A ideia fermentou com a chegada da pandemia e o isolamento. Alberto marcou então uma data em outubro de 2020 no estúdio Rocinante, em Araras (região de Petrópolis, na Serra Fluminense), com o baterista Thomas Harres, o guitarrista Guilherme Lirio e o engenheiro de som (e responsável pelo estúdio) Pepê Monnerat. Encomendou as letras e fez as melodias conforme elas iam chegando.
“Entramos no estúdio com as músicas mais formatadas do que eu imaginava que ia ser quando tive a ideia lá atrás”, conta Alberto. “Acabou que o disco não ficou tão experimental quanto eu imaginava”. Porém, o resultado — um jazz pop provocador e surpreendente, polvilhado de um delicado experimentalismo — passa longe do convencional. O próprio canto de Alberto sinaliza isso. “Eu não sou cantor, mas eu tenho minha maneira de cantar. Usei recurso de dobras e coros, coloquei a voz como mais um instrumento, uma camada entre coisas outras que estão acontecendo”.
Depois das sessões no estúdio Rocinante, Alberto gravou em São Paulo, no estúdio Buena Familia, do engenheiro de som Duda Lima. Ali, teve a companhia do baterista Vitor Cabral e do guitarrista Guilherme Monteiro. Apenas uma das faixas, “Uma verdade bem contada”, foi gravada no Estúdio Marini, de Kassin, com Caio Oica na bateria, Danilo Andrade no Rhodes e nos synths, além do próprio Kassin na guitarra.
Por fim, foram convocados os sopros (Joana Queiroz, Marlon Sette, Diogo Gomes, Jorge Continentino), a percussão de Orlando Costa e os synths de Rodrigo Tavares. Além do baixo, no disco Alberto toca piano, teclados, synths, Rhodes, clavinete, Wurlitzer, percussão eletrônica e violão. Kassin assina a mixagem sozinho de oito faixas. Em Milky Way, Go get your fix, False idol e Uma verdade bem contada, ele divide a mixagem com Mario Caldato.

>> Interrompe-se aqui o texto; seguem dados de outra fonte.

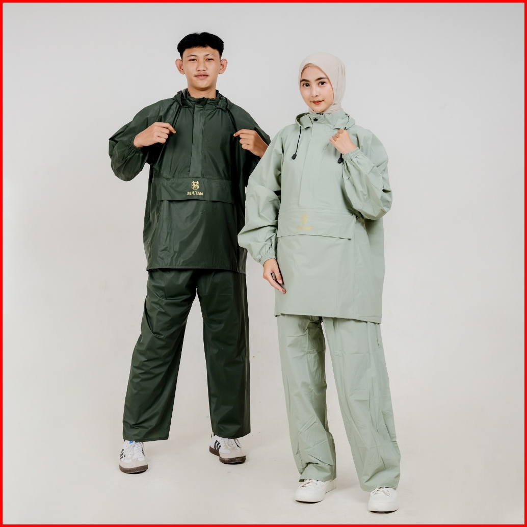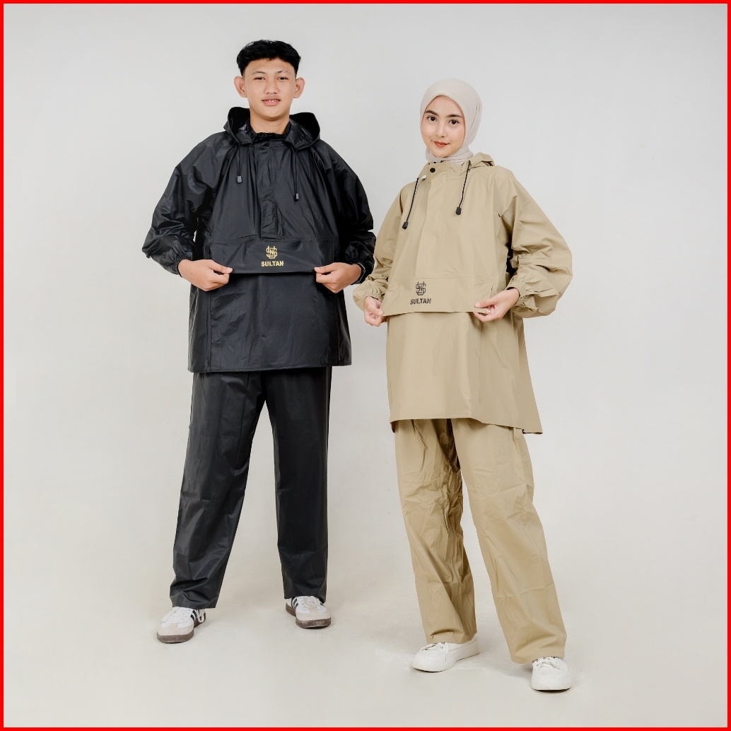 Sultan Jas Hujan Kanguru Pria Wanita Setelan Baju Celana Dewasa Cream
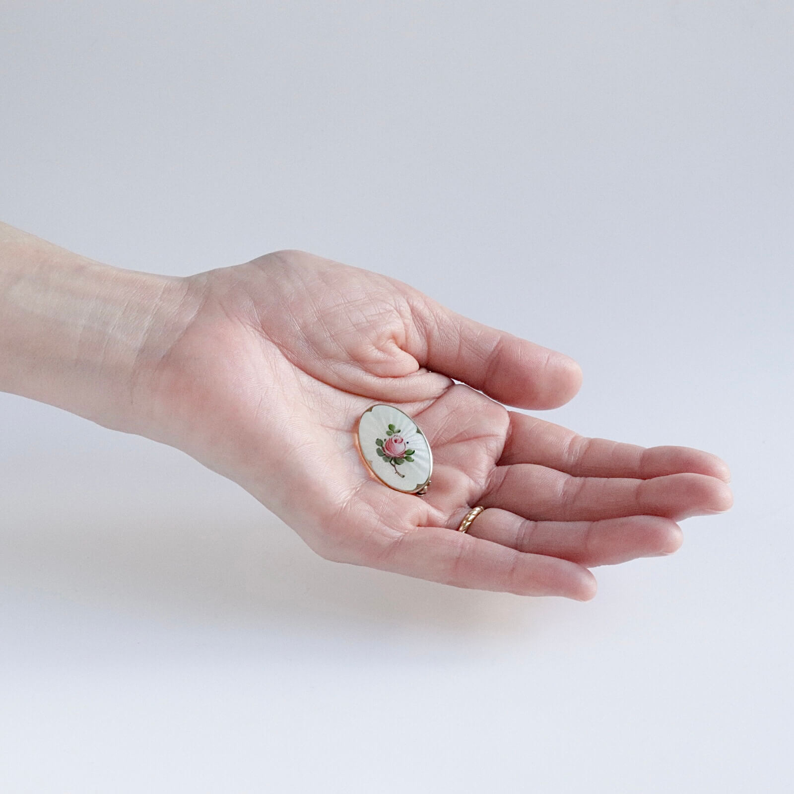 襟元に小さな薔薇を1輪飾るようなブローチです。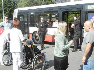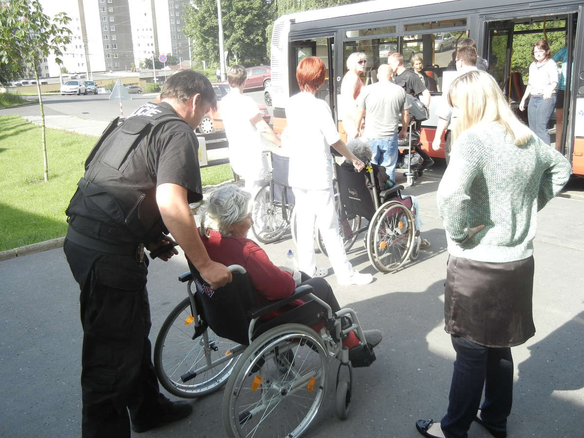 Strážníci pomáhali při návratu, po povodních, seniorům do svých domovů.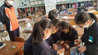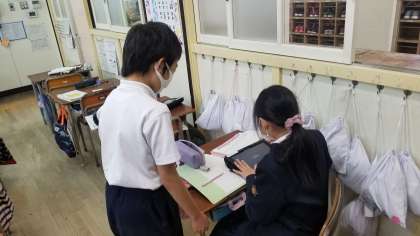 教室の様子です。お友だちと楽しく遊んでいます。英語の発表を考えている児童もいました。
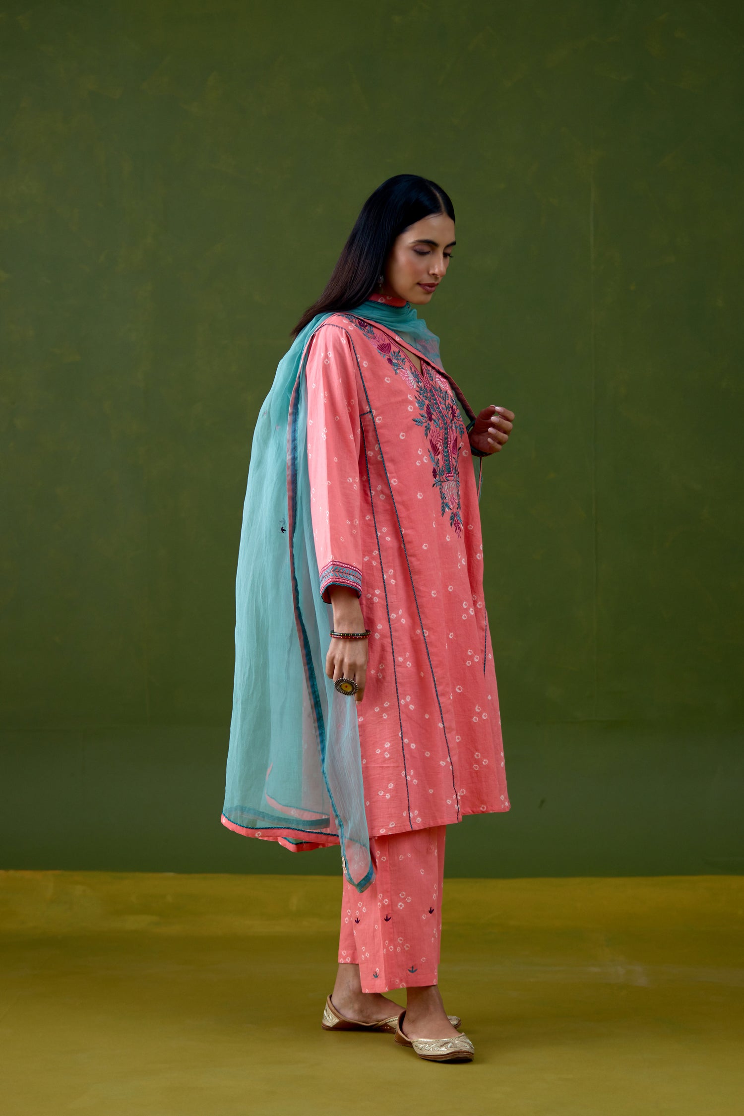 Tulsi Cotton Bandhej Embroidered Kurta Light Peach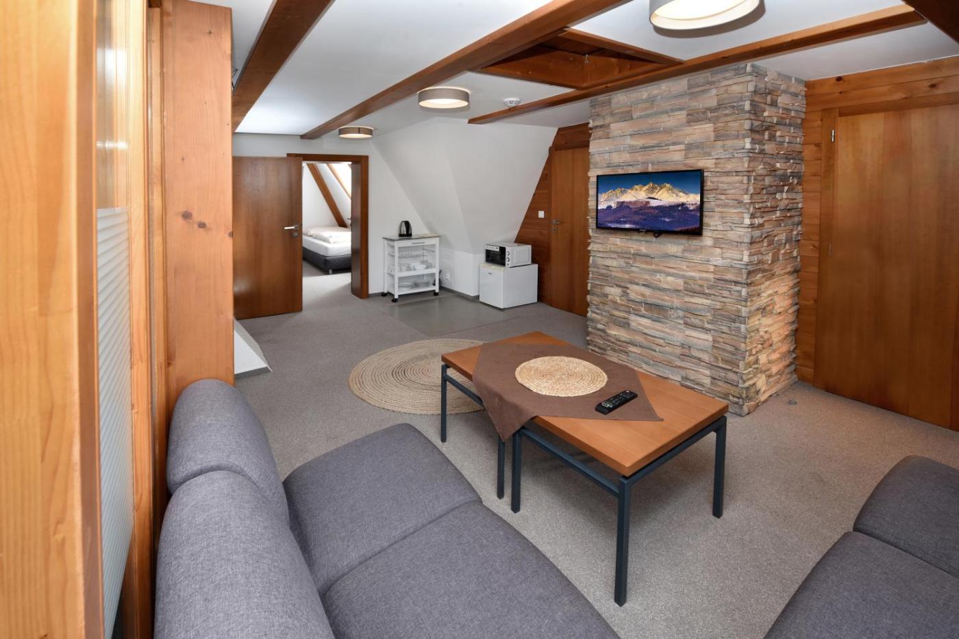 Štúdio. The studio offers a carpeted floor and heating, as well as a private bathroom boasting a shower. The spacious studio features a seating area, a wardrobe, an electric kettle, a flat-screen TV with cable channels, as well as garden views. The unit has 6 beds. ;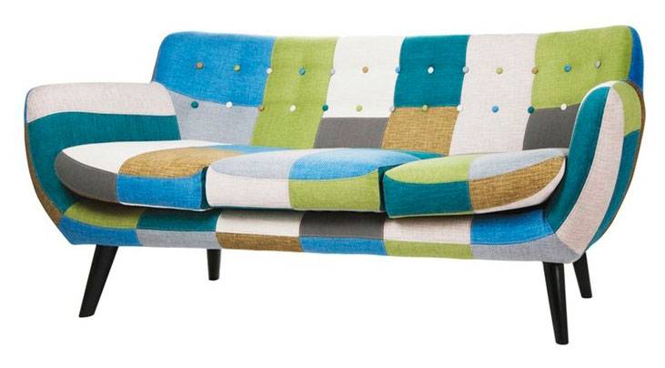 Contrastando con el estilo retro anterior, encontramos los sofás de vivos colores y materiales de fácil cuidado como el vinilo, charol o el cuero. A veces, para redondear el atrevimiento, muestran diseños llamativos imitando coches de época, carnosos labios rojos, coronas de flores, etc. Suelen instalarse en estancias con láminas y alfombras de colores y diseños igualmente atrevidos.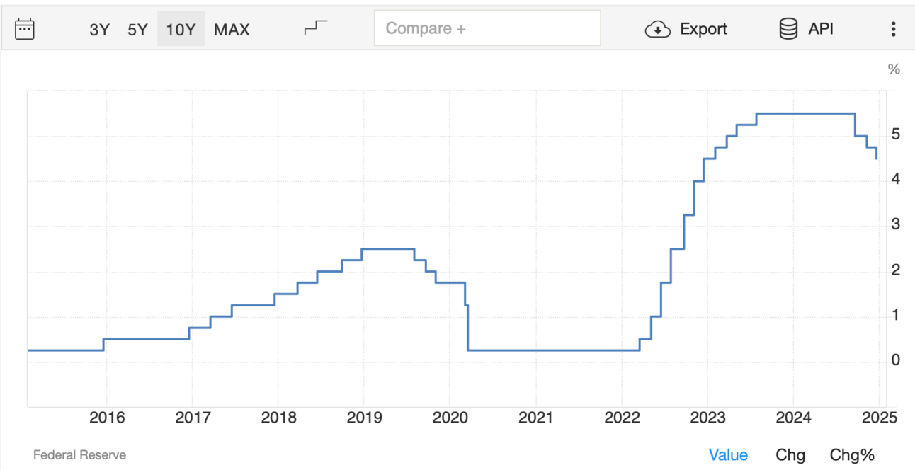 This is the last two cycles or rate hikes and cuts. This cycle went from 5.5% to 4.5% so far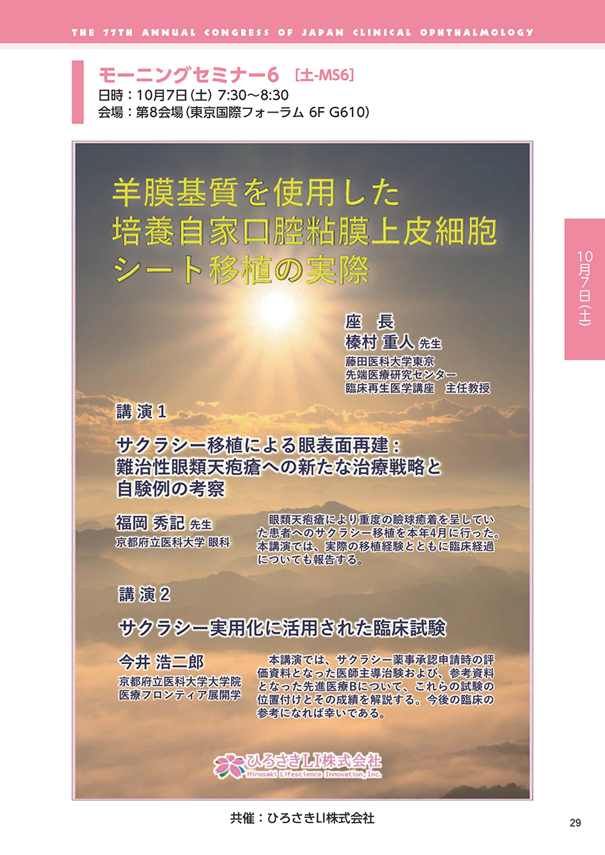 モーニングセミナー6 羊膜基質を使用した培養自家口腔粘膜上皮細胞シート移植の実際 2023年10月7日(土) 7:30 - 8:30 第8会場 | 東京国際フォーラム 6F G610 共催:ひろさきLI株式会社 |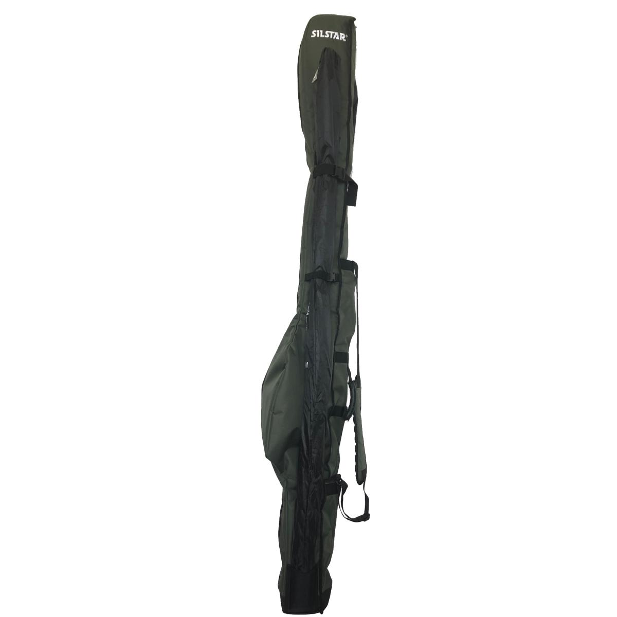 SILSTAR SLIM 3 BOTOS BOTTOK DUPLA 220CM. Csúcsminőségű bojlis bottok 3db felszerelt bojlis bothoz. Egyszerre 3db kompletten felszerelt botot, 2db bojlis merítőt, vagy spiccbotot stb. lehet benne elhelyezni és sérülésmentesen tárolni. A bottok minden tárolórekesze külön párnázott, így a 3db bojlis felszerelést úgy tárolhatjuk benne, hogy azok nem sérülhetnek. Különlegessége még, hogy horgászat után a nedves merítőt a bottok fogantyújánál direkt erre kialakított részbe tehetjük, ami úgy van tervezve, hogy a víz és páraelvezető nyílásnak köszönhetően abban a merítő megszárad és nem lesz fülledt szaga. A képeken is látható, hogy 3db 8000-s méretű nyeletőfékes, távdobó pontyozó orsóval felszerelt, nagy(0,50mm) keverőgyűrűs 3,9m 2 részes bojlis botok kényelmesen elférnek, miközben a külső tárolóban 1-1db bojlis merítő lett elhelyezve. A középső tároló külön cippzárral zárható rekesz, így biztosítva a jól elkülönített sérülésmentes elhelyezését a 3db kompletten felszerelt botnak. A bottok két oldalán elhelyezett 2db különálló merítő,(vagy más hasonló eszköz) tartó alsó része formázott kemény tok ezáltal a merítő nyele nem roppanhat össze, illetve ütődéskor nem sérülhet meg. A bottartózsák alsó része erős, vastag, kopásálló gumi, mely a bottokot védi a kopástól, vagy ha nedves földre tesszük le a beázástól. A bottok nagyméretű cipzárral van szerelve, így annak működése és élettartama hosszú ideig biztosított. A vastag és párnázott vállpánt, illetve a vastag és gumi alapanyagból készült hord-fül nagymértékben könnyíti meg a bottartózsák cipelését. A KÉPEKEN LÁTHATÓ ORSÓK, BOTOK, MERÍTŐK NEM A BOTTARTÓZSÁK TARTOZÉKAI, AZOK KÜLÖN VÁSÁROLHATÓAK MEG!!!

A sonoridade resultante guarda uma sedução contida, de luz sutil, como explica o artista. “Meu primeiro disco, Ao som dos planetas, tinha uma coisa de beleza, de alegria, solar. Ultraleve, o segundo, também tem uma suavidade. Agora eu tentei dar um verniz um pouquinho mais escuro. Amadurecer pra esse caminho também. As músicas não são tristes, mas estão num tempo um pouquinho mais nublado, cinzento”. Um clima que valoriza ainda mais a luz que se deixa entrever nas canções, nos arranjos, em Alberto, enfim.